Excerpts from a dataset
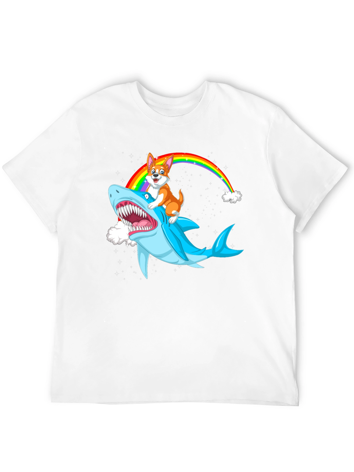 Luce esta original camiseta negra con un estampado llamativo y lleno de color. Presenta un adorable perro corgi montado en un tiburón sonriente, sobre un fondo de estrellas y un arcoíris brillante. El diseño es moderno y divertido, perfecto para añadir un toque de alegría a tu guardarropa. Ideal para un estilo casual y relajado. Fabricada con materiales suaves y cómodos para usarla todo el día. ¡Esta camiseta es una excelente opción para expresar tu personalidad y destacar con un toque de humor!
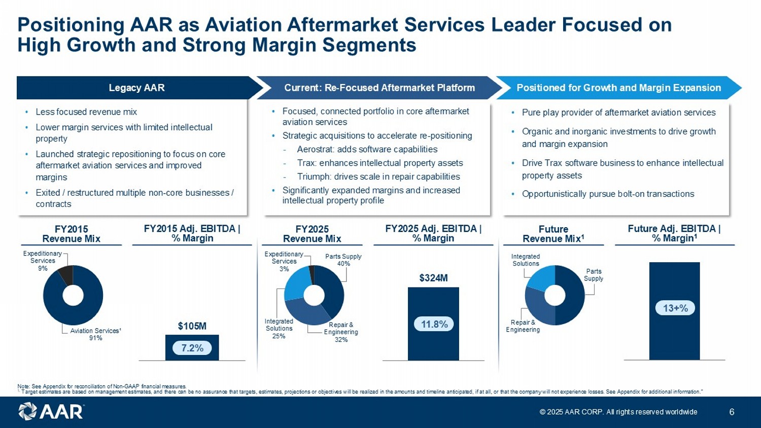 Note: See Appendix for reconciliation of Non - GAAP financial measures © 2025 AAR CORP. All rights reserved worldwide 5 Aviation Aftermarket Represents a Large, High - Growth Opportunity MARKET DRIVERS Strong air travel growth Growing and aging global aircraft fleet New aircraft delivery constraints further extending aftermarket demand Airlines outsourcing maintenance Constrained capacity to meet aftermarket demand Increasing adoption of used (USM) parts 7.2% Margin 11.8% Margin AAR is well positioned to benefit from the long - term growth in the aviation aftermarket Global MRO Total Addressable Market 2025 2030 Engine Maintenance Components Line Maintenance Airframe Heavy & Modifications $138B $123B Source: Naveo Limited, April 2025 x x x x x x
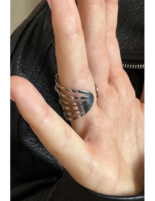 Openwork ring inspired by the design of silver nail heads at the ends.
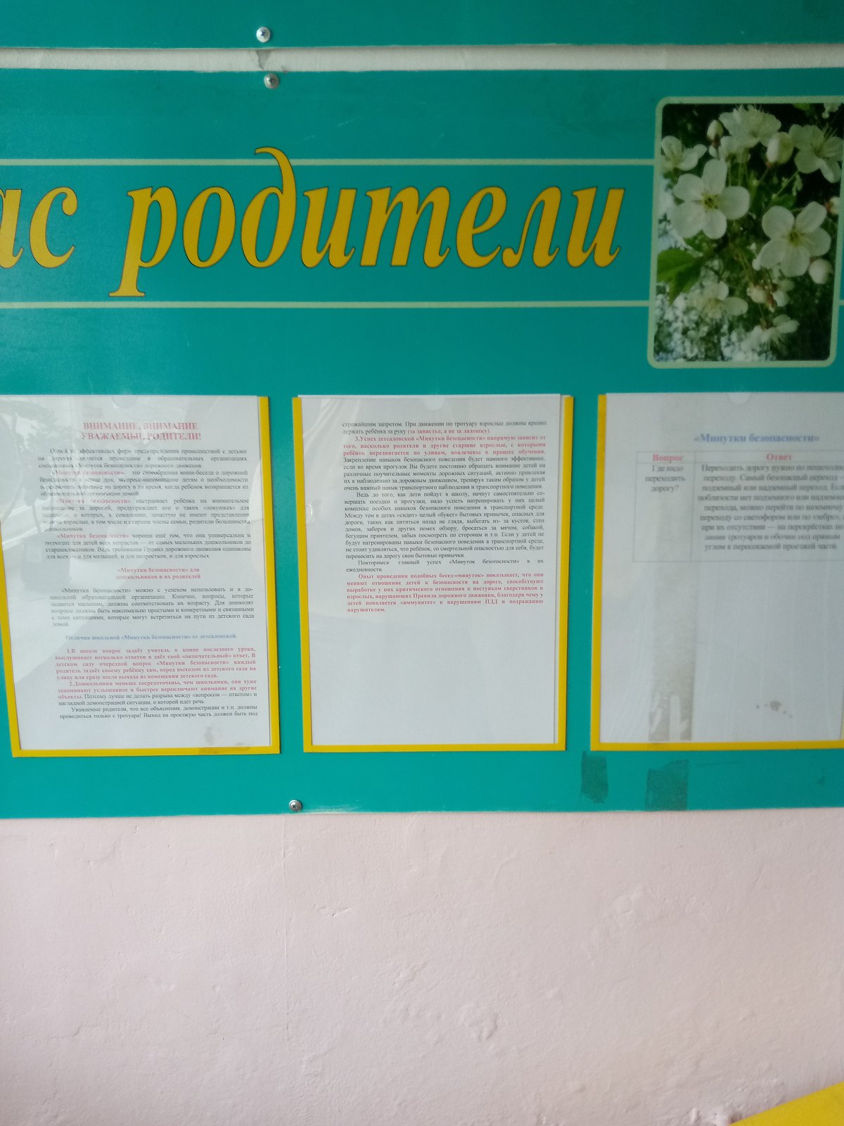 На групповых собраниях педагоги рассказали родителям о необходимости соблюдения правил дорожного движения. Были предложены различные памятки: «Осенний период и дороги», «Родители – водители». Также для родителей на стенде «Это важно!», вывешиваются «Минутки безопасности». Проведена Акция «Опасности на дороге» ( родителям раздавались буклеты о правилах поведения на дорогах».
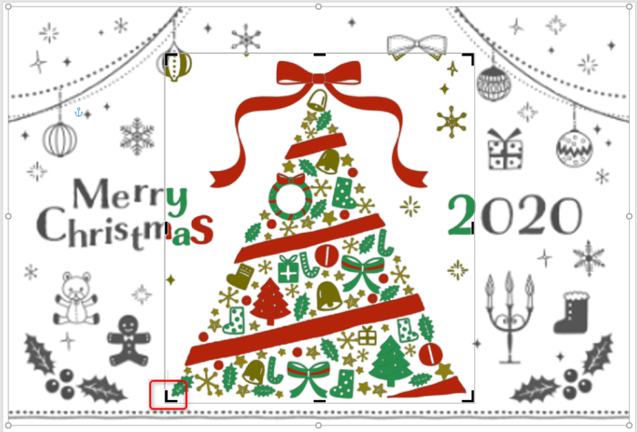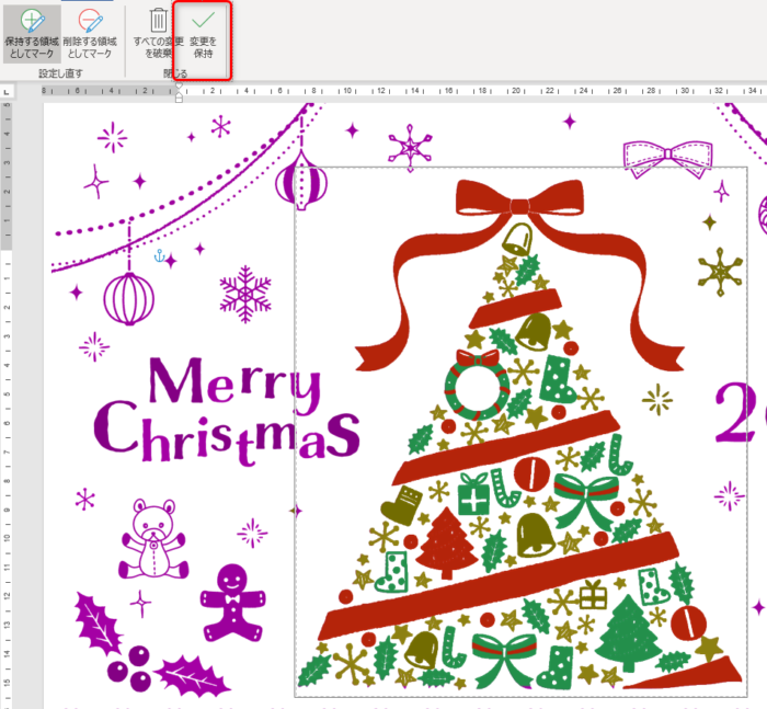 トリミング をクリックするとツリーを残してまわりの画像がカットされる
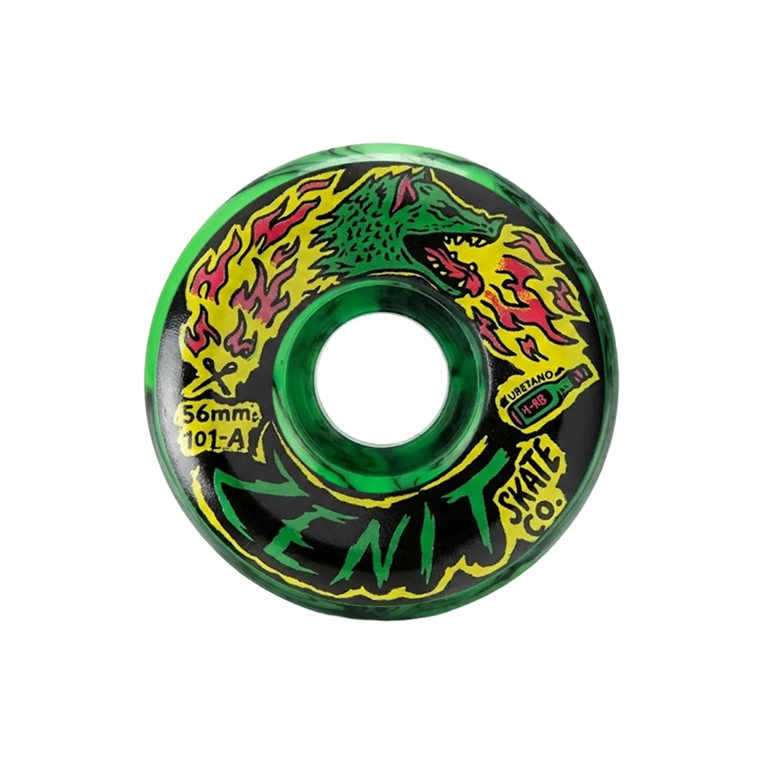 Ruedas Zenit Hiena Cónicas 101A Swirl Negro/Verde 56mm ¡Velocidad salvaje y un look letal para destruir las transiciones! La marca mexicana Zenit Skate Co. sube el nivel de agresividad con este modelo. Lo primero que te atrapará es su increíble uretano “Swirl”, una mezcla marmoleada de colores verde brillante y negro profundo que hace que cada rueda sea visualmente única. Sobre esta base, resalta un feroz gráfico de una hiena escupiendo fuego, acompañado del logotipo clásico de la marca en letras puntiagudas. Más allá de su estética, son unas bestias del rendimiento: con una dureza extrema de 101A y un generoso diámetro de 56mm, están diseñadas para generar una inercia brutal en los bowls, rampas o skateparks grandes, reteniendo el impulso al máximo. Su corte Cónico te brinda una pisada más ancha y estable, perfecta para amarrarte a los metales sin resbalar.
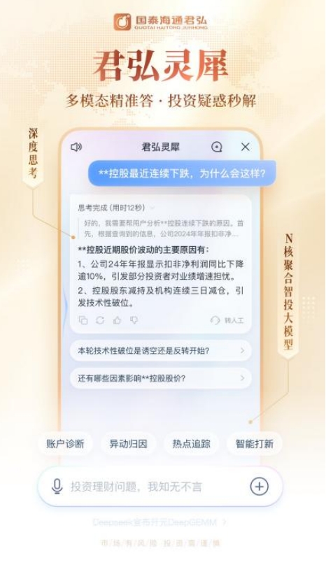 探索AI前沿应用,数智赋能体验升级。国泰海通全面提升大模型服务能力,推出1+N模型聚合体“君弘灵犀大模型”,并首创融入君弘智投数字化服务体系,打造证券行业特色的大模型应用微场景,推动AI技术与证券行业应用场景深度融合,构建证券垂类大模型沉浸式服务闭环,打造AI盯盘服务、交互式AI解读、视频直播陪伴、智能导航交易下单等多元交互模式,全面提升用户体验。打造AI投教游戏,开创互动新玩法。2025国泰海通财富领航活动创新投教形式,结合DeepSeek等AI生成式大模型,推出由专业投顾和AI智能机器人进行观点PK的投教游戏,用户参与活动体验AI技术应用,切实增强用户参与感和获得感,数智赋能重构服务体验。
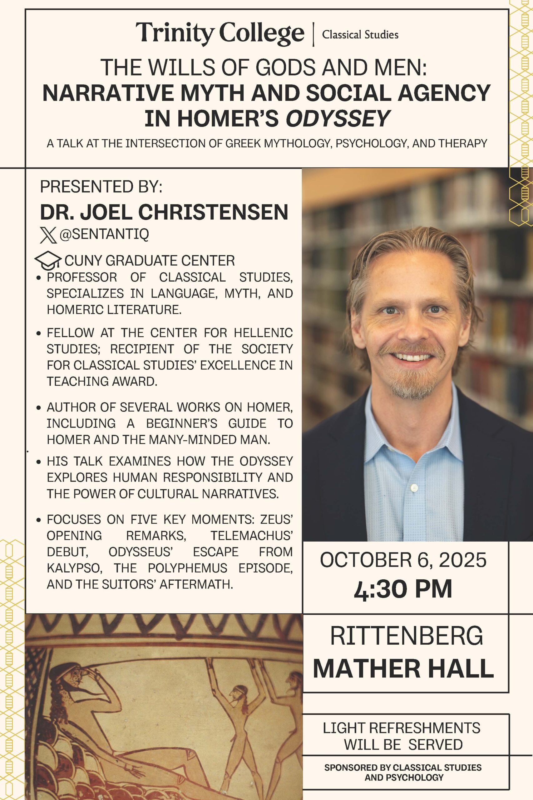 From the beginning of the epic, Homer’s Odyssey invites audiences to think about human responsibility for their own suffering. The epic dramatizes how cultural narratives influence what its characters do in the world and asks its audiences to consider how the stories of Odysseus, his family, and their community model human behavior in response to and against the narratives that shape them. This talk will focus on five crucial moments in this movement: Zeus’ comments at the beginning of the epic; the initial appearance of Telemachus in book 1; Odysseus’ escape from Kalypso in book 5; the story of the cyclops, Polyphemos in book 9; and the conflict between Odysseus and the suitors’ families at the epic’s end.
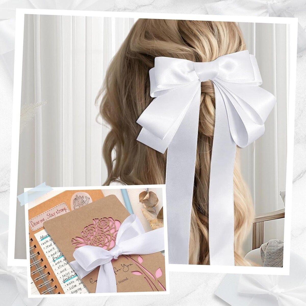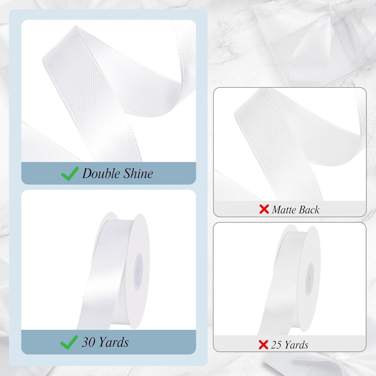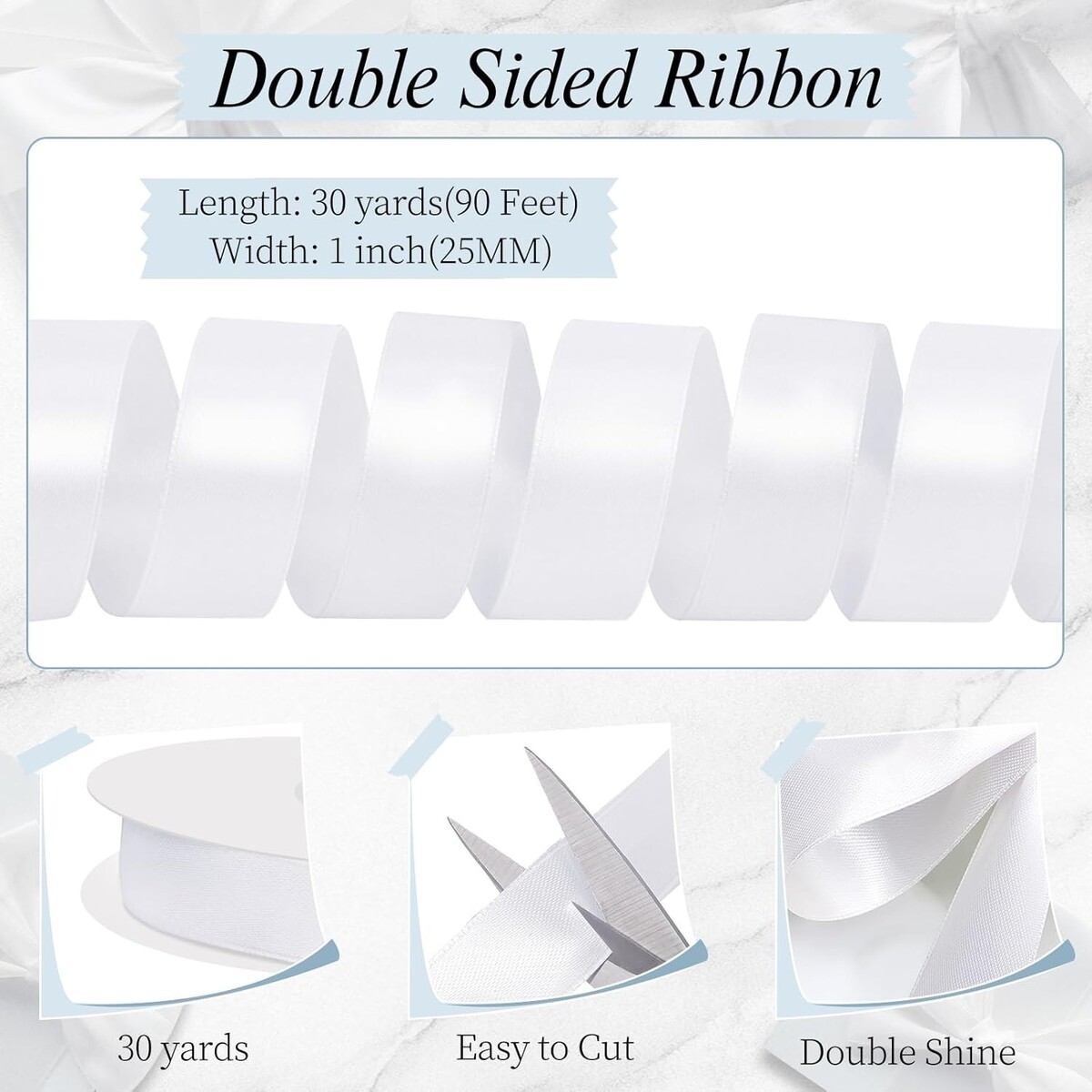 Elevate your gifting and crafting experience with our luxurious white satin ribbon. Crafted for those who appreciate elegance, its double-faced design ensures beauty from any angle, while its ample length gives you the freedom to get creative. From exquisite wedding decor to charming holiday gifts, this versatile ribbon is your go-to accessory for all occasions.
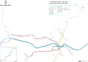 The Ankara Metro (Turkish: Ankara Metrosu) is the rapid transit system serving Ankara, the capital of Turkey. At present, Ankara's rapid transit system consists of two metro lines – the Batıkent Metrosu (M1) and the new Keçiören Metrosu (M4) line opened in 2017, along with the Ankaray line.[2] The Ankaray, the M1 and M4 lines, together transported 104.1 million passengers in 2014.[1] That corresponds to a ridership of approximately 289,155 per day. In February 2019 all the lines that used to run M1, M2 and M3 were merged to create one line, M1.[3]
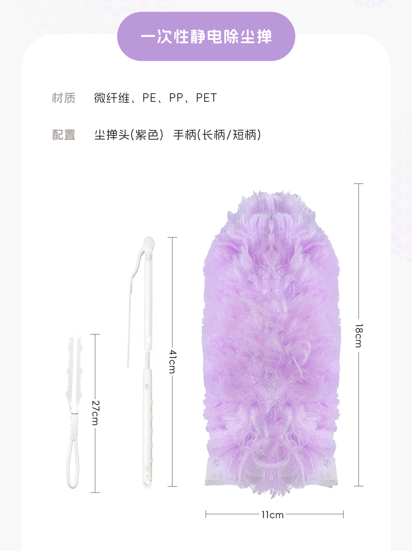 • 보라색 먼지떨이(12개) + 흰색 긴 손잡이 1개, 흰색 짧은 손잡이 1개
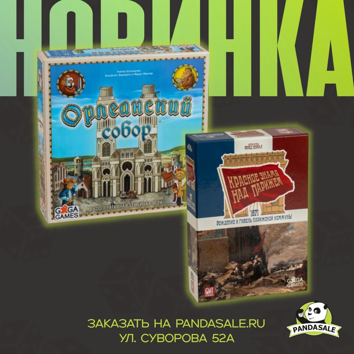 ☀☀☀Две жаркие (как ростовская погода) новинки от GaGa Games уже в наличии в PandaSale! Орлеанский Собор — семейная кооперативная стратегия по мотивам легендарного Орлеана. Вместе вы будете добывать ресурсы и строить величественный собор XVI века. Причём строить по-настоящему, собирая по кусочкам картонную 3D-модель. Дети от этого занятия просто в восторге! Да и не только дети, как оказалось. 🕍 Начать строительство собора → vk.cc/cNC8Z8 Красное Знамя над Парижем — военно-историческая дуэльная стратегия, иллюстрирующая взлёт и падение Парижской Коммуны. А ещё это варгейм, в который можно сыграть всего за 40 минут! Возглавьте одну из сторон асимметричного конфликта и решите судьбу Франции прямо во время обеденного перерыва 🔥 Устроить революцию за 40 минут→ vk.cc/cNC8WC 📍 Приехать: Суворова 52а 🐼 Заказать: pandasale.ru ☎ Позвонить: +7 (908) 177-87-17 #PandaSale #PandaNew
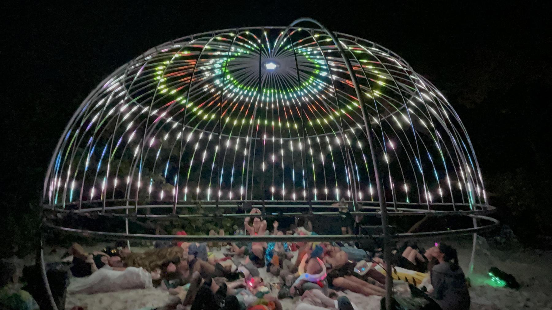 A 26’ diameter hemisphere with 26,000 LEDs on its interior in a radial pattern. Speakers play classical music while patterns of light choreographed to the music dance in every direction a participant can look, completely surrounding him/her both audibly and visibly.
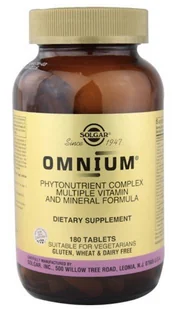 Omnium Kompleks Fitonurientów Wielofunkcyjnych Wegański Wegetariański Bez GMO Bez glutenu Skład Wielkość opakowania: 180 tabletek Porcja jednorazowa: 2 tabletkach Ilość porcji w opakowaniu: 90 Składniki 2 żelki RWS Witamina A (z naturalnego beta-karotenu) 2500 mcg 313% Witamina C (jako Ester-C®, askorbinian wapnia) 300 mg 375% Witamina D2 (jako ergokalcyferol) 5 mcg (200 IU) 100% Witamina E (jako bursztynian d-alfa tokoferylu) 60 mg 500% Witamina K (jako fitonadion) 20 mcg 27% Tiamina (jako monoazotan tiaminy) 30 mg 2727% Ryboflawina 35 mg 2500% Niacyna (jako niacynamid) 60 mg 375% Witamina B6 (jako chlorowodorek pirydoksyny) 10 mg 714% Folian (jako kwas foliowy) 666 mcg 400 mcg 100% Witamina B12 (jako cyjanokobalamina) 100 mcg 4000% Biotyna (jako D-biotyna) 100 mcg 200% Kwas pantotenowy (jako pantotenian D-Ca) 80 mg 1333% Cholina (jako dwuwinian choliny) 75 mg <> Wapń (jako chelat glicynianowy, askorbinian wapnia) 128 mg 16% Żelazo (jako chelat bisglicynian żelaza) 9 mg 64% Jod (jako jodek potasu) 150 mcg 100% Magnez (jako chelat glicynianowy, tlenek) 64 mg 17% Cynk (jako glicynian) 10 mg 100% Selen (jako L-selenometionina) 70 mcg 127% Miedź (jako chelat glicynianowy) 1,5 mg 150% Mangan (jako chelat glicynianowy) 2 mg 100% Chrom (jako pikolinian chromu) 100 mcg 250% Sód 10 mg <> Inozytol 75 mg <> Proszek z kiełków soi 50 mg <> Standaryzowany ekstrakt z kurkumy (kurkuminoidy 46,5 mg [93%]) (korzeń) 50 mg <> Brokuły w proszku 50 mg <> Kompleks Fosfatydyloseryny (fosfatydyloseryna 10 mg [20%)] 50 mg <> Polifenole (z ekstraktów z liści zielonej herbaty i pestek winogron) 20 mg <> Kompleks Bioflawonoidów Cytrusowych 13 mg <> Kwas alfa liponowy 10 mg <> Koenzym Q10 10 mg <> Kwercetyna 10 mg <> Ryboflawina-5'-fosforan 1 mg <> Karotenoid Mix (alfa i beta-karoten, luteina, zeaksantyna, kryptoksantyna) 13 mcg <> RWS - Dzienna referencyjna wartość spożycia <> Nie ustalono dziennej referencyjnej wartości spożycia Składniki: Witamina A (z naturalnego beta-karotenu); Witamina C (jako Ester-C®, askorbinian wapnia); Witamina D (jako D2, ergokalcyferol); Witamina E (jako bursztynian d-alfa tokoferylu); Witamina K (jako fitonadion); Tiamina (jako monoazotan tiaminy); Ryboflawina; Niacyna (jako niacynamid); Witamina B6 (jako chlorowodorek pirydoksyny; Folian (400 mcg kwasu foliowego); Witamina B12 (jako cyjanokobalamina); Biotyna (jako D-biotyna); Kwas pantotenowy (jako pantotenian D-Ca); Cholina (jako dwuwinian choliny); Wapń (jako chelat glicynianowy, askorbinian wapnia); Żelazo (jako chelat bisglicynian żelaza); Jod (jako jodek potasu); Magnez (jako chelat glicynianowy, tlenek); Cynk (jako glicynian); Selen (jako L-selenometionina); Miedź (jako chelat glicynianowy); Mangan (jako chelat glicynianowy); Chrom (jako pikolinian chromu); Sód; Inozyto; Proszek z kiełków soi; Standaryzowany ekstrakt z kurkumy (kurkuminoidy 46,5 mg [93%]) (korzeń); Brokuły w proszku; Kompleks Fosfatydyloseryny (fosfatydyloseryna 10 mg [20%)]; Polifenole (z ekstraktów z liści zielonej...

> **Your assignment**: Take the lines above starting at the one containing "Elevate your gifting" and ending at the one containing "흰색 짧은 손잡이 1개", and print them again exactly, without pictures.

> **Result below**:
 Elevate your gifting and crafting experience with our luxurious white satin ribbon. Crafted for those who appreciate elegance, its double-faced design ensures beauty from any angle, while its ample length gives you the freedom to get creative. From exquisite wedding decor to charming holiday gifts, this versatile ribbon is your go-to accessory for all occasions.
 The Ankara Metro (Turkish: Ankara Metrosu) is the rapid transit system serving Ankara, the capital of Turkey. At present, Ankara's rapid transit system consists of two metro lines – the Batıkent Metrosu (M1) and the new Keçiören Metrosu (M4) line opened in 2017, along with the Ankaray line.[2] The Ankaray, the M1 and M4 lines, together transported 104.1 million passengers in 2014.[1] That corresponds to a ridership of approximately 289,155 per day. In February 2019 all the lines that used to run M1, M2 and M3 were merged to create one line, M1.[3]
 • 보라색 먼지떨이(12개) + 흰색 긴 손잡이 1개, 흰색 짧은 손잡이 1개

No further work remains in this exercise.